Somewhere along the way...

Somebody made the decision that there were important things to know. I don't know how these important things to know were determined: by a single person, by a tribunal, by happenstance. I can't call it, but there was a subset (or superset) of facts and information or even abstract understanding that was picked out of all things that are knowable and called "vital". The esoteric nature of the emergence of this group of datum is still a mystery to me, perhaps someone's put the origins in a book that I haven't read, which is entirely possible. One thing is certain: if you were/are in relative possession of a mastery of this set of information, you are deemed intelligent. I know a lot of people who are deemed intelligent by the people that deem other people intelligent, themselves deemed by others as intelligent. This declaration comes in the form of citations, diplomas, degrees, advanced degrees, etc. The people I know who are deemed intelligent go on to identify other people of worthy education intelligent. The cycle continues....

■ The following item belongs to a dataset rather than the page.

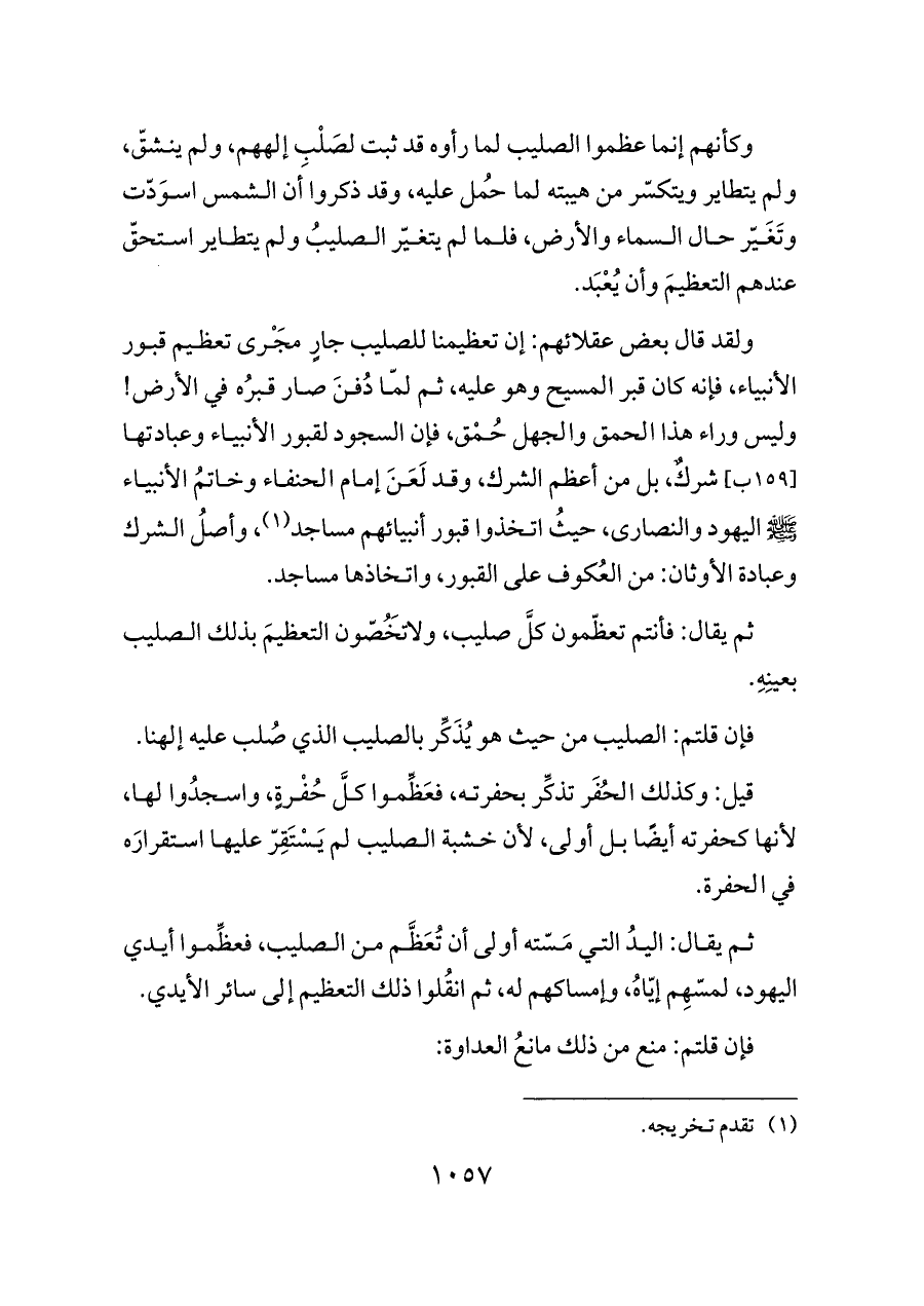 ثم يقال: فأنتم تعظّمون كلَّ صليب، ولا تَخُصّون التعظيمَ بذلك الصليب بعينِهِ.

My basic understanding, though, is that the information that is used to deem one intelligent is a circumstance of culture, societal norms, and an collective acknowledgment that a person has a sufficient knowledge of the generally acknowledged subset (or superset) of information available. I hear the words intellectual, savant, genius and shit like that bandied about in certain circles, words that are used to imply that the speaker has the gravitas to bestow such designation upon others, giving both the designator and the designated props. If I call Walter Mosley or Spike Lee a genius, I'm taking a little for myself for being able to recognize genius therefore inviting myself to that little party.

I'm saying all that to say this: I don't fucking know anymore. I don't like being a part of this game. If someone says or writes something and I recognize the reference or find a deeper meaning in it, then who the fuck am I to say that they're intelligent? Maybe they're writing down to me. Who knows. What I do know is that the dominant culture makes those rules, period. They dismiss ghetto dwellers and trailer park residents as being "ignorant", but people are playing by entirely different sets of rules than the "mainstream". Is it intelligent if a person from a different cultural understanding to try to go reason with a hostile person if from the "hood" person's observation of similar circumstances and symbolic identifiers tell him the only way to deal with that person is through violent measures? Viewing every situation through one cultural prism distorts the true nature of intelligence. When I say I've seen what I've thought to be true geniuses in the "hood", I'm not trying to be condescending or take any credit for myself for that recognition. People do what I could never do and what I'd never think to do. I'm in awe of it and I refuse to let cultural bias color that.

Intelligence is everywhere. It is nuanced and not concrete.